• _Your assignment_
Once you find the line with "Además, los participantes" in the listing below, set down exactly every line from it through the line with "Ergonomically, the bike", but no pictures.

Data START

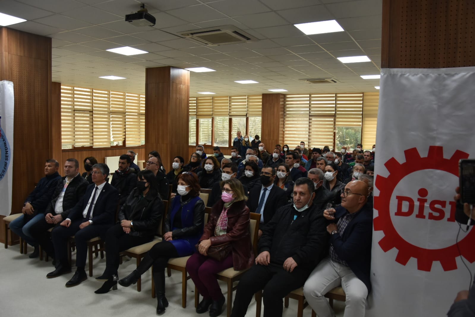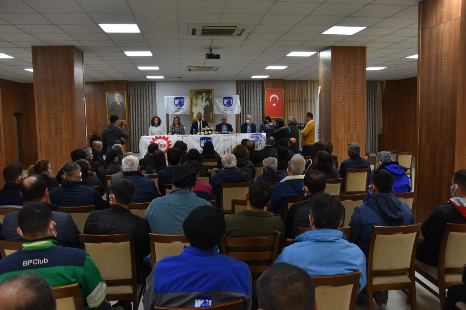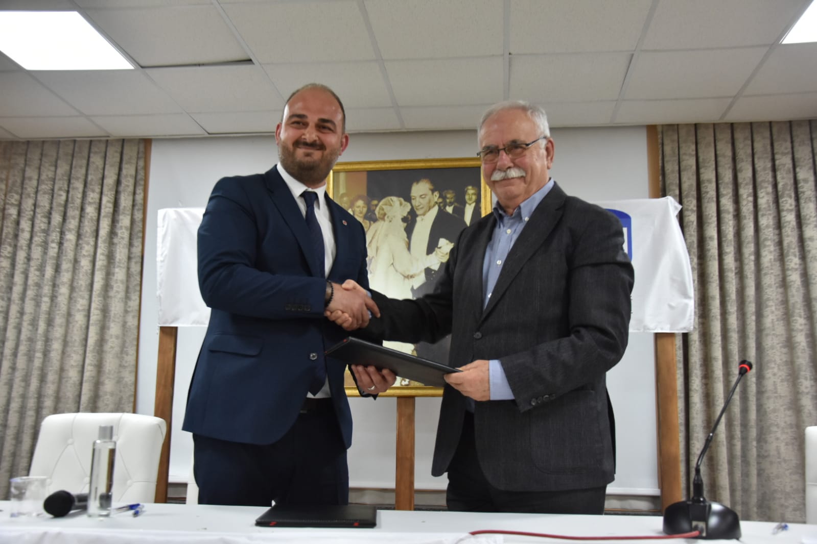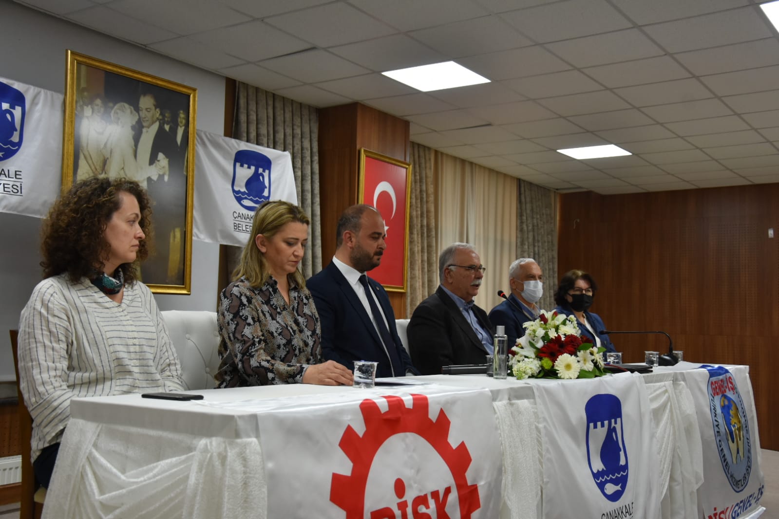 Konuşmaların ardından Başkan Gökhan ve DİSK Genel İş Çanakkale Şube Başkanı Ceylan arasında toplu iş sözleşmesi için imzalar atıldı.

Data END
Data START

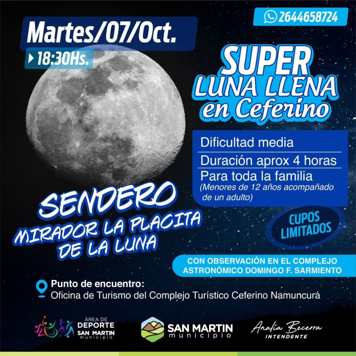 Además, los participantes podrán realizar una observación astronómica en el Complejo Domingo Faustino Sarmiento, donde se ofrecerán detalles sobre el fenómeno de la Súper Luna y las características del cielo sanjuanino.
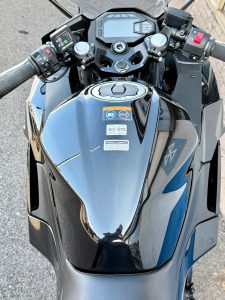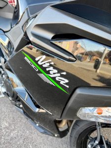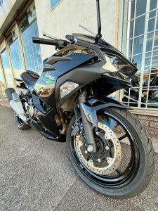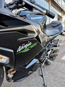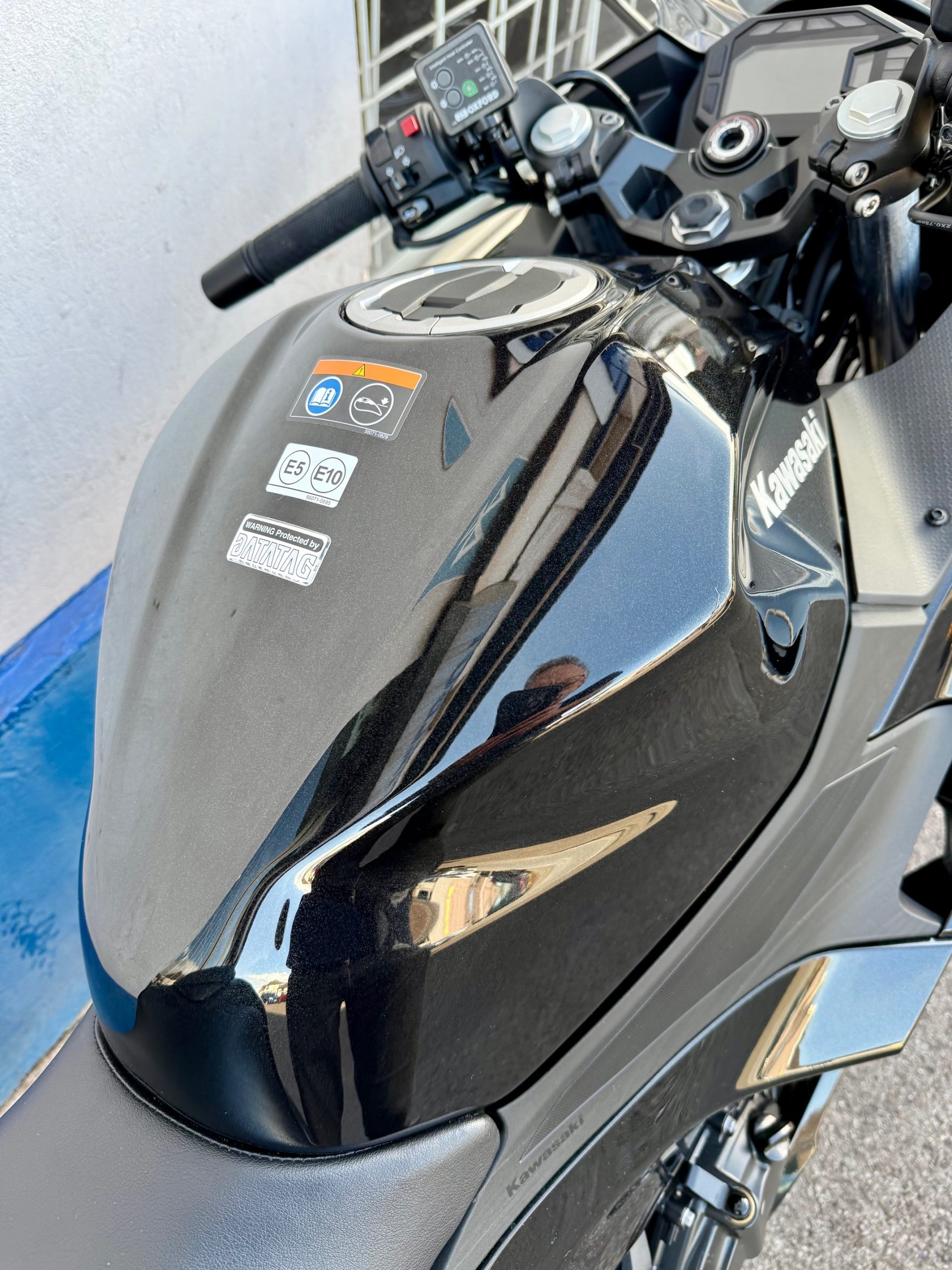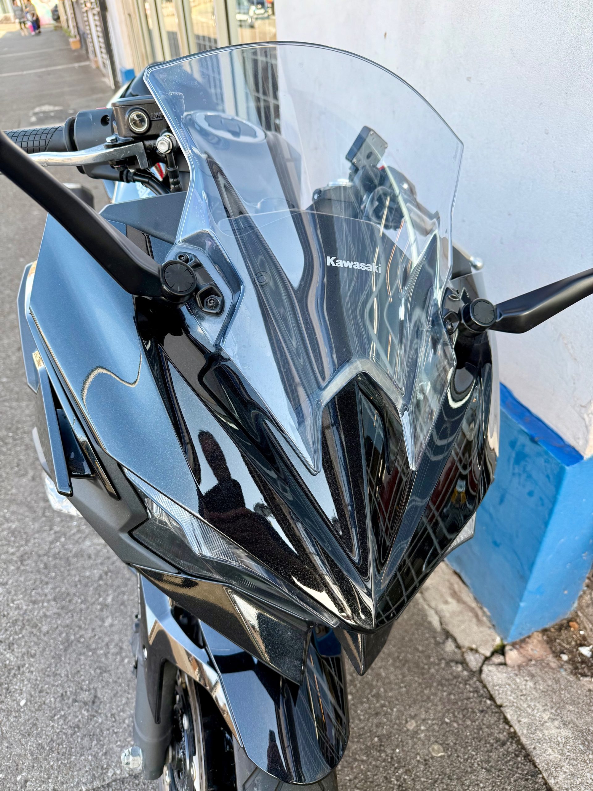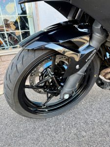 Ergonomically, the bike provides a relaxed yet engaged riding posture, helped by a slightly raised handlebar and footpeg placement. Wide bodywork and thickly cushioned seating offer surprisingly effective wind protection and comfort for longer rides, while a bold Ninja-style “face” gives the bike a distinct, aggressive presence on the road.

Data END
Data START

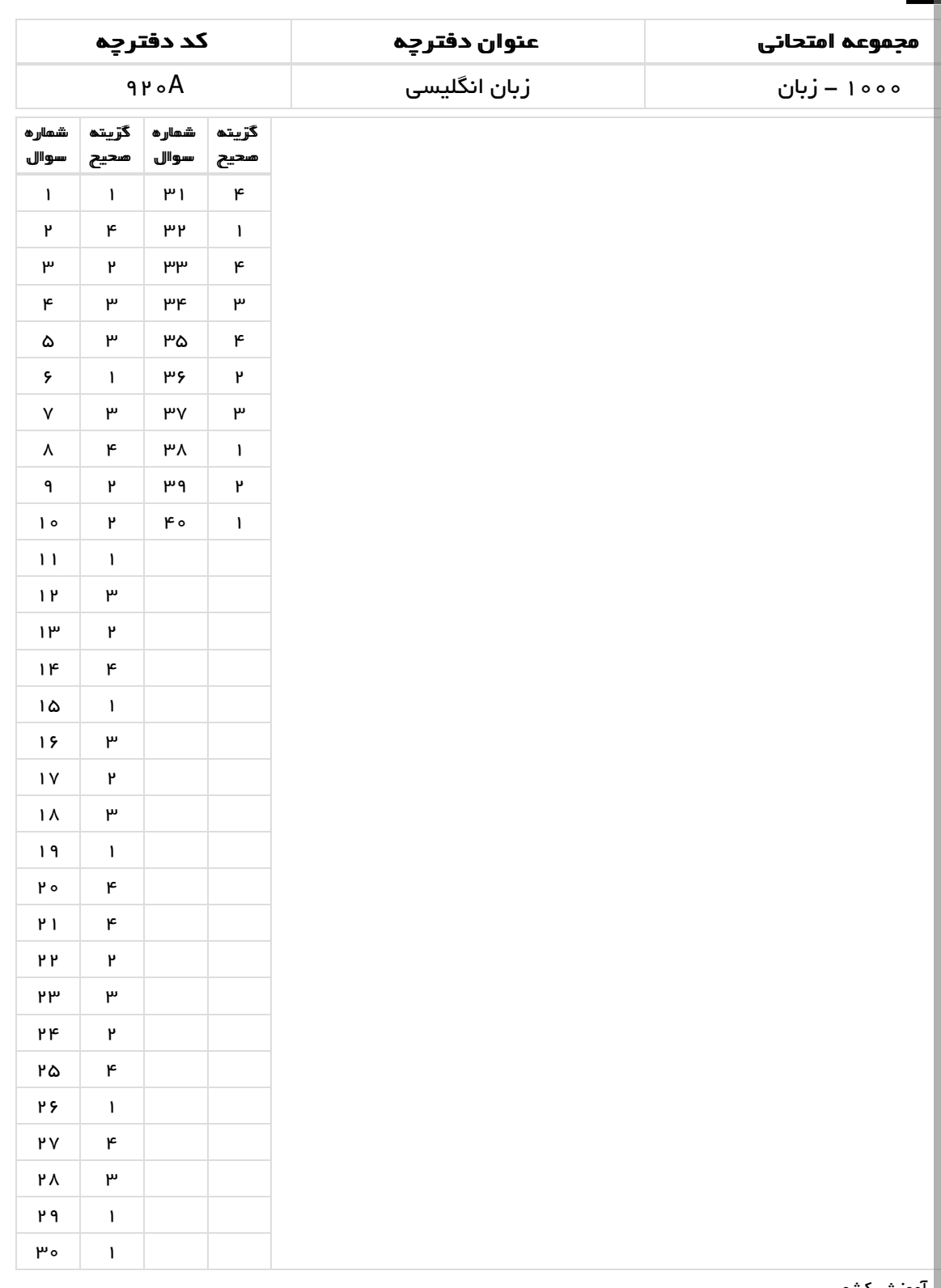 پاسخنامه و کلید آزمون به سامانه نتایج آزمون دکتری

Data END

• _Answer box_
 Además, los participantes podrán realizar una observación astronómica en el Complejo Domingo Faustino Sarmiento, donde se ofrecerán detalles sobre el fenómeno de la Súper Luna y las características del cielo sanjuanino.
 Ergonomically, the bike provides a relaxed yet engaged riding posture, helped by a slightly raised handlebar and footpeg placement. Wide bodywork and thickly cushioned seating offer surprisingly effective wind protection and comfort for longer rides, while a bold Ninja-style “face” gives the bike a distinct, aggressive presence on the road.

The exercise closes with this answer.